Lately, when she hears from people looking for in-home help for the first time, Gibney wonders if their efforts will end up being pointless. “It feels a little bit like trying to show somebody how to get into the building as the top floor is on fire,” she said.
Paul Dunaway, who directs Sonoma County’s Adult and Aging Division, described the dearth of information he and his staff have to offer older and disabled people about future services as “anxiety-provoking.”
“There’s a lot of chaos happening and not much to really grab onto yet about the funding on the federal level,” Dunaway said.
Uncertainty and fear about service cuts, coupled with weaning off pain medicine from a back surgery, left Crooks — who retired from teaching after being diagnosed with bipolar disorder — unable to sleep, she said, and she spiraled into her first manic episode in more than a decade.
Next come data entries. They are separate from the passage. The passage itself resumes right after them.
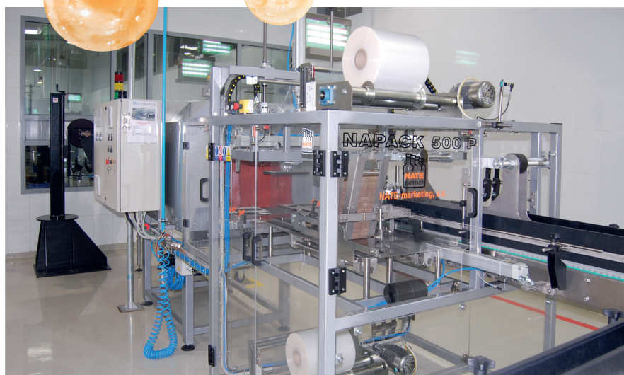
Автоматическая упаковочная линия NAPACK 500 в цеху Al Ain, SAE
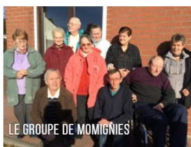
LE GROUPE DE MOMIGNIES
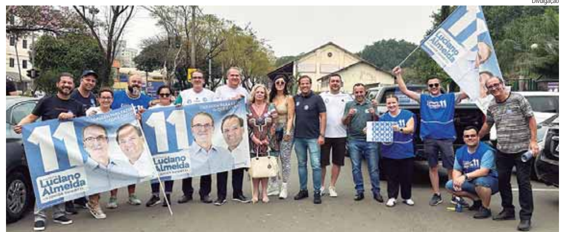
A concentração aconteceu no estacionamento da Estação da Paulista
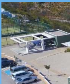
Bar Como en Casa
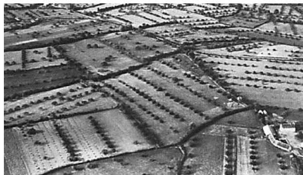
Le bocage agroforestier dans le Perche de l'Eure-et-Loir, près de Nogent-le-Rotrou en 1950

06 35 54 24 99 agroforesterie.centre@gmail.com
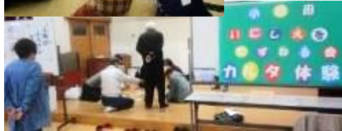
(ふるさとカルタ子ども大会と一般体験会)

Owens was sweeping the living room but stopped to listen as Crooks talked about being tired, worried, and feeling out of control. “I told her, ‘Regardless, I’m gonna always be here for you, no matter what,’” Owens said.
Crooks, wearing a T-shirt picturing the Statue of Liberty with her hands covering her face, nodded. “It helped a lot,” she said.
Nonetheless, without an in-home aide, Crooks said, she would have no choice but to move into a nursing home — a fate she cannot bear to consider.
“It wouldn’t be a home,” she said. “It’s where people go to die.”